What is the information loss problem in black holes?

This is the first photograph of a black hole  taken in April 2019 with the Event Horizon Telescope of the supermassive black hole in M87.

A black hole is a massive star which have collapsed under its own weight into a compact region of space.
The force of gravity around a black hole is so extreme that even photons (the particles of light) which travel at the speed of light can not escape once they have crossed the so-called event horizon surrounding the black hole.
Thus, black holes are really holes in space (since matter fall into them) which are really black (there is no possibility of escape).
This is the picture of classical black holes provided by Einstein general theory of relativity.
But in 1974 Hawking showed that black holes are really quantum objects which can emit radiation (the so-called Hawking radiation).
Indeed, a black does not really exist in vacuum but in fact it is continuously interacting with fields of particles and radiations which permeate spacetime.
In other words, the space surrounding a black hole is filled with  virtual particles which pop in and out of existence (by the Heisenberg uncertainty principle of quantum mechanics) in the form of matter-antimatter pairs.
These pairs annihilate almost immediately.
But around the event horizon of the black hole it could happen that a pair of particle-antiparticle is created for a brief short of time but before they can annihilate  the force of gravity of the black hole pulls one of them inside the black hole whereas the other scatter off away from the black hole towards infinity.
The absorbed particle is the lost qbit (or quantum bit) of information.
And the scattered particle (seen by an observer located outside the black hole at spatial infinity) is the Hawking particle.
The lost bit falling inside the black hole has negative energy causing thus the mass of the black hole to decrease and as a consequence the black hole is actually evaporating by the process of Hawking radiation.
The loss of information problem is the statement that the created pair of particle-antiparticle is found in a quantum pure state whereas the Hawking radiation constituted of all Hawking particles is found in a thermal mixed state.
The mixed state lacks all quantum correlations encoded into the original pure state and hence we have here a case of a pure state evolving in time to a mixed state which is impossible by the Schrodinger equation.
We say that unitarity is lost and we have loss of information. Which is a state of affair not accepted by the majority in the physics community.

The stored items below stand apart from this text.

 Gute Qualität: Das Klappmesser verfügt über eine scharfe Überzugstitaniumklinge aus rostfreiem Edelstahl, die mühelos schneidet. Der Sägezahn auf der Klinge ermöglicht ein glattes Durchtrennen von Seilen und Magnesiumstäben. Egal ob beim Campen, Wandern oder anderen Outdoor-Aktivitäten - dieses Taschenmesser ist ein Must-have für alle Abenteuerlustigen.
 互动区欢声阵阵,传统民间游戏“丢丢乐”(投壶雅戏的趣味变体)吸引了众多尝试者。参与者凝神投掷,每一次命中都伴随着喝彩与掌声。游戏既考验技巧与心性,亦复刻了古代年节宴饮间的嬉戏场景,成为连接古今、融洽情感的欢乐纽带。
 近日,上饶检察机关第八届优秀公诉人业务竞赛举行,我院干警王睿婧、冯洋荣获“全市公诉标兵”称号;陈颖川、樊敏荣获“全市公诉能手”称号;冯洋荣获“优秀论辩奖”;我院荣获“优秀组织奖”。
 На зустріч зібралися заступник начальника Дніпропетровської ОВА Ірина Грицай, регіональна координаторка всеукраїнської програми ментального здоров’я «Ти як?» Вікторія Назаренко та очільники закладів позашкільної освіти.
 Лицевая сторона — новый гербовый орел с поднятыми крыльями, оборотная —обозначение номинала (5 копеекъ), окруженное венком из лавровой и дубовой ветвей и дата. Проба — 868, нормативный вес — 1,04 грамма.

A precise formulation of this problem is given by the AMPS (Almheiri, Marolf, Polchinski, Sully)  firewall paradox which shows among other things that black hole complementarity is not sufficient.
In my own view the solution of this problem is that there is no information loss and that the black hole starts spitting out its information back out at an accelerated rate when it becomes maximally entangled with its Hawking radiation at the the so-called Page time (the time at which half of the black has evaporated).

This solution should in fact go through the following three stages:

- The ER=EPR conjecture due to Maldacena and Susskind which states that the black hole and its Hawking radiation are maximally entangled with each other. And that the maximal entanglement (that is the Einstein-Podolsky-Rosen or EPR  entanglement) between any Hawking particle and its lost quantum bit which went inside the black hole is given by Einstein-Rosen or ER wormehole or bridge. We get thus an octopus structure for entanglement.

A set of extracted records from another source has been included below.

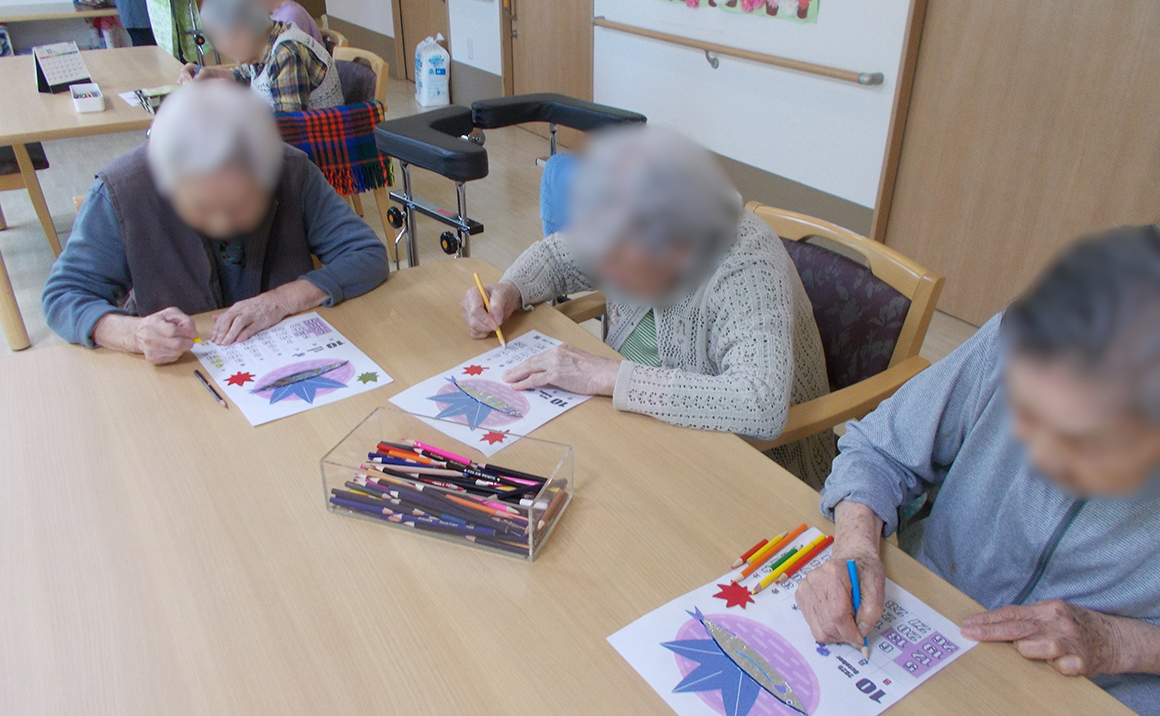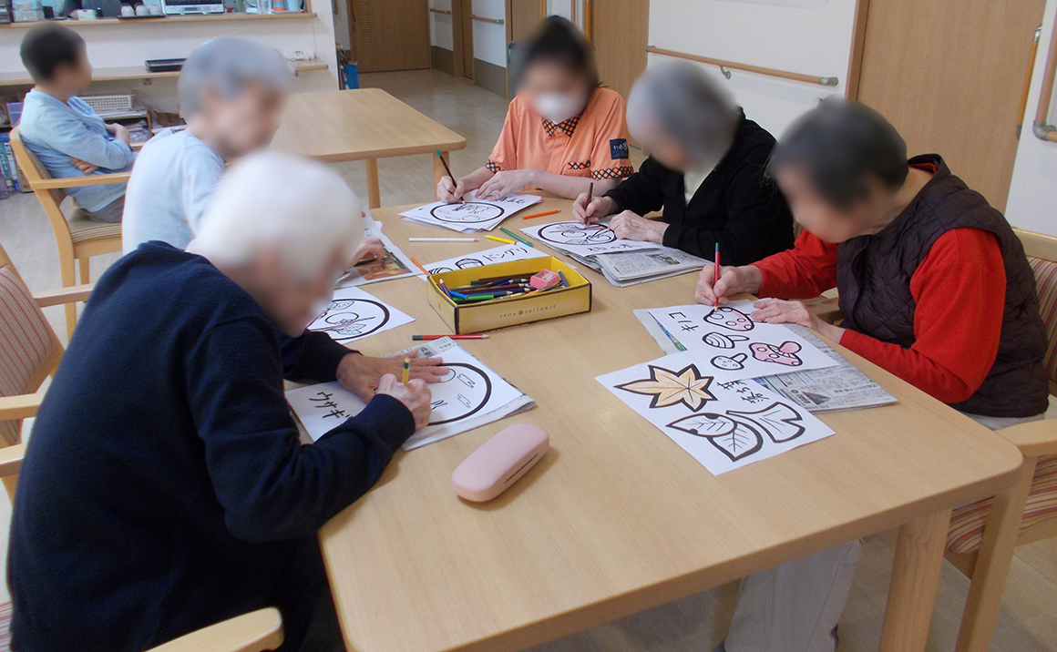 9月といえば、敬老の日のお祝い会ですねー。 たのしい家伊川谷有瀬もユニット毎に、敬老の日のお祝い会を開催させて頂きました。 お祝い会の日には、ユニットにより違いますが、おやつは和菓子を提供させて頂きました。 紅白まんじゅうや栗まんじゅうでお祝いして、皆様、美味しかったと笑顔がいっぱいでした。 また、カレンダー作りと壁画用の塗り絵には、何色を塗ろうかなと、真剣に取り組まれていました。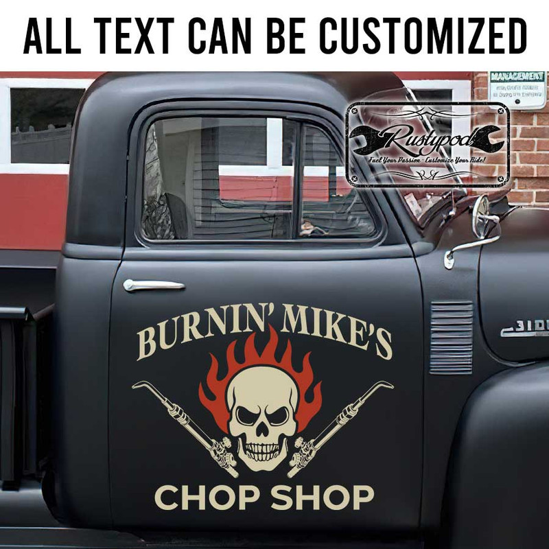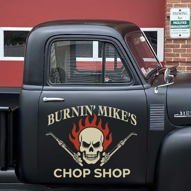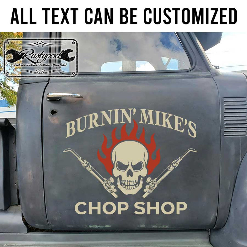 personalized chop shop lettering skull lettering door art repair shop sign sticker utilizes UV printing technology on high-quality vinyl panels, ensuring exceptional durability and resistance to environmental factors. It’s designed to be safe for all vehicle surfaces and incredibly easy to apply.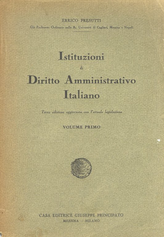 Istituzioni di diritto amministrativo italiano. Terza edizione aggiornata con l'attuale legislazione.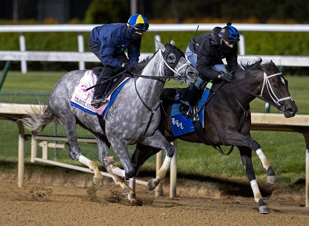 The colt, under regular work rider Julio Garcia, broke off two lengths behind stablemate Artie’s Princess, who earlier this month was named Canada’s champion female sprinter of 2020. Like the King collared his workmate easily in the stretch and was edging clear at the wire as Keeneland clockers credited him with five furlongs in 1:01. The duo galloped out in 1:15.40.

- The ER=EPR conjecture is actually based on the hypothesis that the smooth geometry of spacetime is woven solely from particle entanglement.  We say that spacetime emerges from quantum entanglement. This more fundamental hypothesis is due for example to Van Raamsdonk.

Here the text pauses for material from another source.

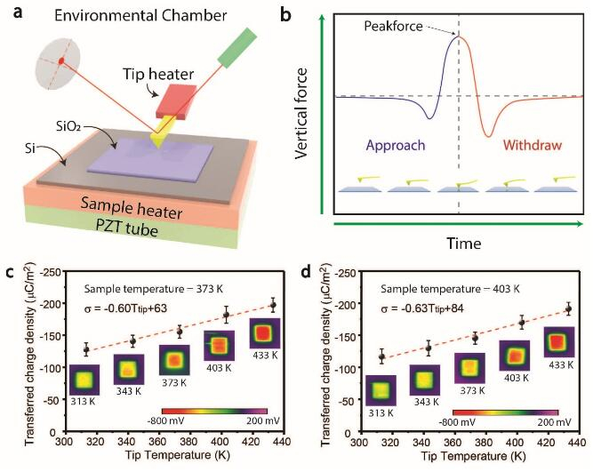 近日,在王中林指导下,中国科学院北京纳米能源与系统研究所林世权等人使用原子力显微镜(AFM)和开尔文探针力显微镜(KPFM)从微观尺度研究了不同温度下摩擦电荷的衰减行为以及温度差对摩擦起电的影响。他们在原子力显微镜的peakforce tapping模式下使用镀金探针在SiO2、Si3N4、AlN等样品表面进行接触产生电荷转移,随后在不同的温度下观察了样品表面摩擦电荷密度随时间的衰减规律,发现微观下的摩擦电荷衰减与之前研究中宏观尺度的衰减规律类似,都呈指数衰减,根据实验结果,他们提出了一个修正的摩擦电荷热电子发射模型。进一步,他们研究了当探针与样品存在温度差时两者之间的摩擦起电行为,发现在摩擦起电中温度升高会使固体更倾向于失去电子(带正电),温度降低会使固体更倾向于得到电子(带负电)。根据费米-狄拉克方程,当金属的温度升高时,金属中的电子跑到高能级的概率会增加,更倾向于离开金属表面,因此当金属与电介质接触的时候更容易失去电子,使电介质获得负电。相反的,当金属的温度降低时,金属中的电子跑到高能级的概率降低,金属与电介质接触时更倾向于获得电子,使与之接触的电介质获得正电。有一种特殊情况是,在温度相同时,电介质与金属接触获得正电。当金属温度升高到一定程度,而电介质温度保持不变,金属中的电子在温度的作用下更倾向于转移到电介质中,使电介质获得负电,发生摩擦电荷转移的极性反转。这一研究验证了王中林研究组之前提出的摩擦起电热电子发射模型的正确性,为摩擦起电电子转移理论提供了又一个强有力证据。

- The hypothesis that spacetime is an emergent concept from the more fundamental quantum entanglement is itself based on the celebrated AdS/CFT conjecture due to Maldacena which states that quantum gravity in certain spacetime geometries is completely describable in terms of ordinary quantum fields (with conformal symmetry) in lower dimensions.

We hope we can come back to these points in more detail in the future.